*DATA SHOWN*
------------------------------------

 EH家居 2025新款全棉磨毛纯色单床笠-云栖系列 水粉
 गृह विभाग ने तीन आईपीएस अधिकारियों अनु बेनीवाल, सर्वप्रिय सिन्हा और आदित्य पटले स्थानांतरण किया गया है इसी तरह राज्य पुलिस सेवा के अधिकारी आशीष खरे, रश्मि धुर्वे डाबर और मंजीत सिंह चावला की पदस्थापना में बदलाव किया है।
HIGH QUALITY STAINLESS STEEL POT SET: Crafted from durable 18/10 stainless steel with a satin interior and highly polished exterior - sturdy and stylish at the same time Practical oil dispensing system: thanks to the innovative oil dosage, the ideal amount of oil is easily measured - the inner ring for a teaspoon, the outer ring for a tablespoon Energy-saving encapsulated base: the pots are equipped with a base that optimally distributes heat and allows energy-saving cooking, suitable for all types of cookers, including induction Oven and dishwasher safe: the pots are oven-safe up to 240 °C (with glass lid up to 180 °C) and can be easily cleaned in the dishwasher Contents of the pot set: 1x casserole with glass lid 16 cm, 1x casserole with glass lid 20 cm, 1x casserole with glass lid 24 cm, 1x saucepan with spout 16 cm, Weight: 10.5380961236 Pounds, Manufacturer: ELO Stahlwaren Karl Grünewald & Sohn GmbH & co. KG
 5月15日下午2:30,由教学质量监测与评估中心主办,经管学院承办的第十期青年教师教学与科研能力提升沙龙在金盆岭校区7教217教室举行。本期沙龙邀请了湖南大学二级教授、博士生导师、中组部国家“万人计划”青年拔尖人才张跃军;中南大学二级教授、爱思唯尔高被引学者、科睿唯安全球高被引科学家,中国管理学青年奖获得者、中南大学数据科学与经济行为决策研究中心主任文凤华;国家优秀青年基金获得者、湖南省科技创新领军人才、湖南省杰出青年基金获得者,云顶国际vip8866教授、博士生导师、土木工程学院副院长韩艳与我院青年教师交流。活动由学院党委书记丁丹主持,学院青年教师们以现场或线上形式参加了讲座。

------------------------------------

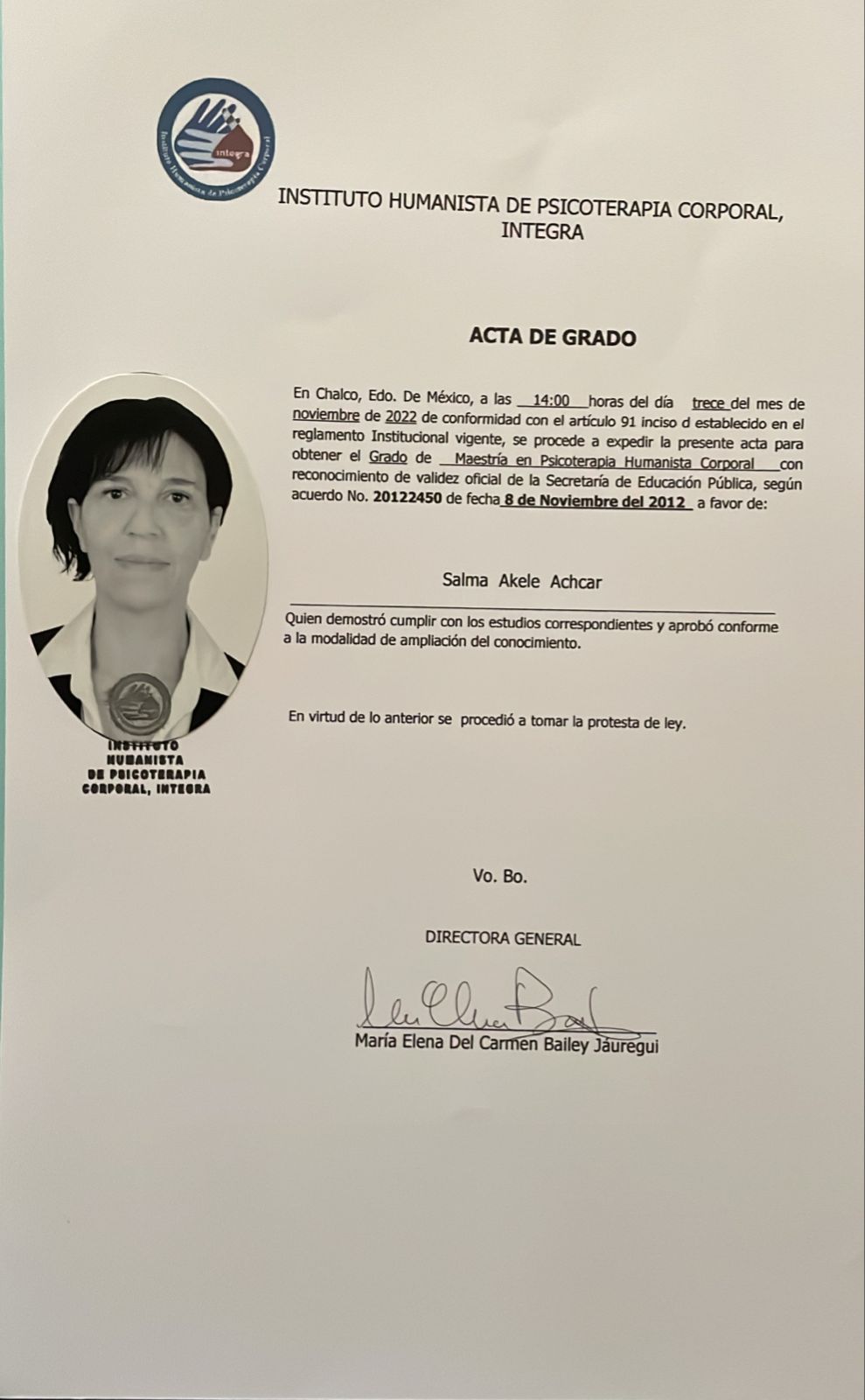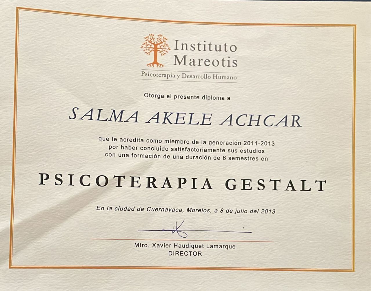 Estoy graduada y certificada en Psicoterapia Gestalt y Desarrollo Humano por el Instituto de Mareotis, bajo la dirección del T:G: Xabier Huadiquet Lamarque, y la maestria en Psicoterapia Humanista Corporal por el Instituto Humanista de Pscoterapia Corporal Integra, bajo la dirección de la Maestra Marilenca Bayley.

------------------------------------

*ACTIVITY*
Give back exactly the lines above starting at the line where "HIGH QUALITY STAINLESS" appears and ending at the line where "5月15日下午2:30,由教" appears, both included, with no other lines.

*WRITTEN SOLUTION*
HIGH QUALITY STAINLESS STEEL POT SET: Crafted from durable 18/10 stainless steel with a satin interior and highly polished exterior - sturdy and stylish at the same time Practical oil dispensing system: thanks to the innovative oil dosage, the ideal amount of oil is easily measured - the inner ring for a teaspoon, the outer ring for a tablespoon Energy-saving encapsulated base: the pots are equipped with a base that optimally distributes heat and allows energy-saving cooking, suitable for all types of cookers, including induction Oven and dishwasher safe: the pots are oven-safe up to 240 °C (with glass lid up to 180 °C) and can be easily cleaned in the dishwasher Contents of the pot set: 1x casserole with glass lid 16 cm, 1x casserole with glass lid 20 cm, 1x casserole with glass lid 24 cm, 1x saucepan with spout 16 cm, Weight: 10.5380961236 Pounds, Manufacturer: ELO Stahlwaren Karl Grünewald & Sohn GmbH & co. KG
 5月15日下午2:30,由教学质量监测与评估中心主办,经管学院承办的第十期青年教师教学与科研能力提升沙龙在金盆岭校区7教217教室举行。本期沙龙邀请了湖南大学二级教授、博士生导师、中组部国家“万人计划”青年拔尖人才张跃军;中南大学二级教授、爱思唯尔高被引学者、科睿唯安全球高被引科学家,中国管理学青年奖获得者、中南大学数据科学与经济行为决策研究中心主任文凤华;国家优秀青年基金获得者、湖南省科技创新领军人才、湖南省杰出青年基金获得者,云顶国际vip8866教授、博士生导师、土木工程学院副院长韩艳与我院青年教师交流。活动由学院党委书记丁丹主持,学院青年教师们以现场或线上形式参加了讲座。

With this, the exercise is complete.